**INFORMATION PROVIDED:**
§

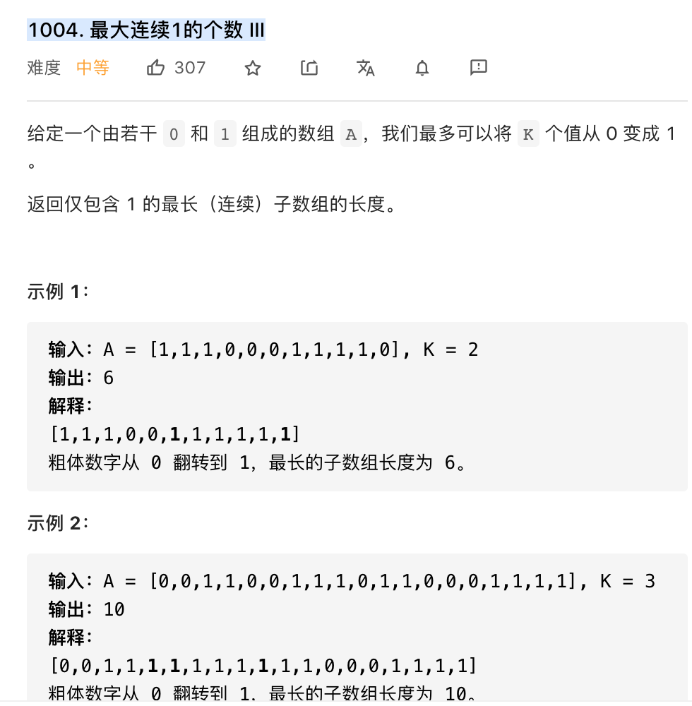 class Solution { public: int longestOnes(vector<int>& nums, int k) { unordered_map<int,int> un_map; int sum = 0; int i = 0; int j = 0; for(j = 0; j < nums.size(); j++){ sum = sum + nums[j]; // 记录1的个数 if(j-i+1>sum+k){ // 如果当前窗口size大于可维护的窗口大小,收缩窗口 sum =sum -nums[i]; i++; } } return j-i; } };
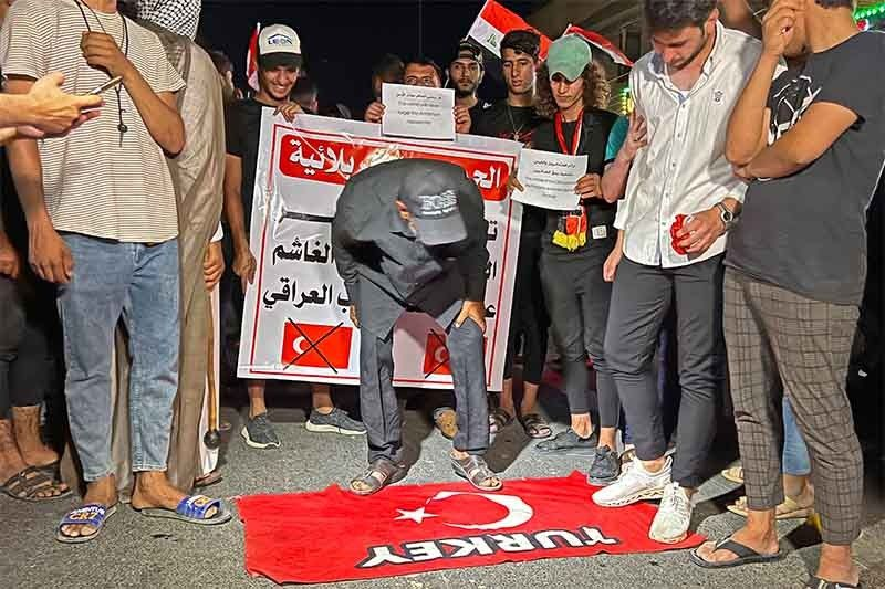 Η τουρκική σημαία κάηκε από διαδηλωτές έξω από ένα τουρκικό κέντρο βίζας στην ιρακινή πόλη Καρμπάλα, ενώ διαδηλώσεις πραγματοποιήθηκαν επίσης στη Βαγδάτη και τη Νασιρίγια, αναφέρει το BBC.Χιλιάδες άνθρωποι συγκεντρώθηκαν έξω από το κτίριο της πρώην τουρκικής πρεσβείας στο al-Waziriyah στο κέντρο της Βαγδάτης για να διαμαρτυρηθούν κατά του βομβαρδισμού της επαρχίας Dohuk.
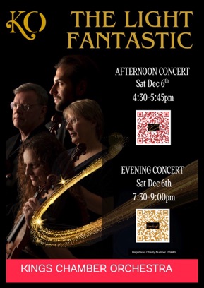 Dec 6.The Kings Chamber Orchestra will be celebrating all the years they have been together! This years Christmas concert titled "The Light Fantastic" will be a performance filled carols, stories and music from the silver screen, amid Classic favourites by Tchaikovsky, Nielsen, Strauss, Mozart and many more.
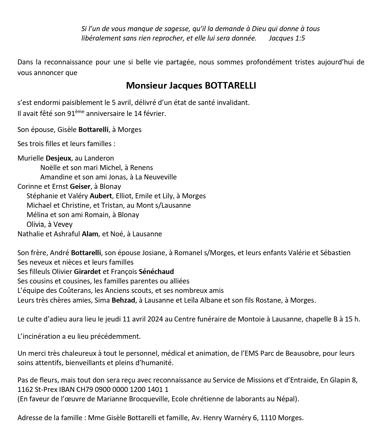 Monsieur Jacques BOTTARELLI 14 fév. 1933 - 05 avr. 2024 Avis mortuaire PFG Télecharger PDF Partager sur: Galerie PreviousNext PreviousNext

§

**WHAT IS BEING ASKED:** What belongs in the answer is each line above, reproduced exactly, and no picture.

**WRITTEN SOLUTION:**
 class Solution { public: int longestOnes(vector<int>& nums, int k) { unordered_map<int,int> un_map; int sum = 0; int i = 0; int j = 0; for(j = 0; j < nums.size(); j++){ sum = sum + nums[j]; // 记录1的个数 if(j-i+1>sum+k){ // 如果当前窗口size大于可维护的窗口大小,收缩窗口 sum =sum -nums[i]; i++; } } return j-i; } };
 Η τουρκική σημαία κάηκε από διαδηλωτές έξω από ένα τουρκικό κέντρο βίζας στην ιρακινή πόλη Καρμπάλα, ενώ διαδηλώσεις πραγματοποιήθηκαν επίσης στη Βαγδάτη και τη Νασιρίγια, αναφέρει το BBC.Χιλιάδες άνθρωποι συγκεντρώθηκαν έξω από το κτίριο της πρώην τουρκικής πρεσβείας στο al-Waziriyah στο κέντρο της Βαγδάτης για να διαμαρτυρηθούν κατά του βομβαρδισμού της επαρχίας Dohuk.
 Dec 6.The Kings Chamber Orchestra will be celebrating all the years they have been together! This years Christmas concert titled "The Light Fantastic" will be a performance filled carols, stories and music from the silver screen, amid Classic favourites by Tchaikovsky, Nielsen, Strauss, Mozart and many more.
 Monsieur Jacques BOTTARELLI 14 fév. 1933 - 05 avr. 2024 Avis mortuaire PFG Télecharger PDF Partager sur: Galerie PreviousNext PreviousNext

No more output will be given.